Luke Sharrett | Bloomberg | Getty Images
Customers shop near a display of General Mills Cheerios cereal at a Costco Wholesale store in Louisville, Kentucky.
Shares of General Mills jumped 3.5 percent Wednesday after the food company’s earnings report showed that cost-cutting initiatives and price hikes have paid off for its profits.
“We had a strong third quarter, with positive organic sales growth and significant operating margin expansion,” CEO Jeff Harmening said in a statement.
The company earned 83 cents per share, on an adjusted basis, during the fiscal third quarter, topping the 69 cents per share expected by analysts surveyed by Refinitiv. General Mills also reported revenue in line with estimates of $4.20 billion.

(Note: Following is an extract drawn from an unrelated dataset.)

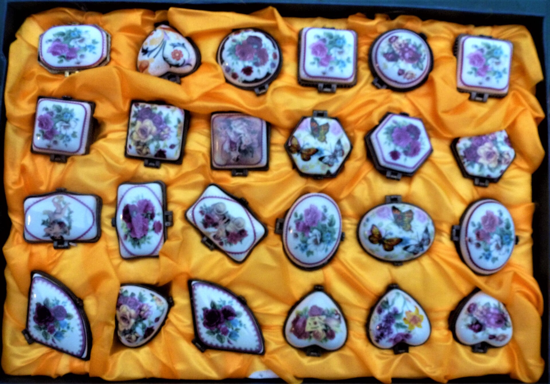 Antieke Porseleinen pillen, sieraad, of snuifdoosjes voorbeeld

Net income attributed to General Mills dropped to $446.8 million, or 74 cents per share, down 52.5 percent from $941.4 million, or $1.62 per share, a year earlier. The company reported a one-time tax benefit of $504 million due to U.S. tax reform during last year’s third quarter.
The Minneapolis-based food giant boosted its top and bottom lines by raising prices and switching its products in all of its markets. It otherwise saw sales volume decline in North America, Europe and Australia. A broader cost-cutting plan announced last year, which includes cutting 625 jobs by this spring, also helped profits, it said.
With one quarter left in its fiscal 2019, General Mills raised its outlook for earnings growth to a range of flat to up 1 percent. It previously estimated a range of flat to down 3 percent due to accounting changes from its acquisition of pet food company Blue Buffalo. Analysts were expecting the earnings to decline by 1.2 percent.
Organic sales grew by 1 percent during the quarter, beating Wall Street estimates of 0.6 percent. Sales for its largest business, North American retail, were flat for the quarter, despite the food company’s efforts to entice consumers through marketing and product innovation.
The company also narrowed its fiscal 2019 net sales and organic sales growth to the lower end of its previous outlook range. It now expects net sales growth to be closer to 9 percent than 10 percent and organic net sales growth closer to flat than 1 percent.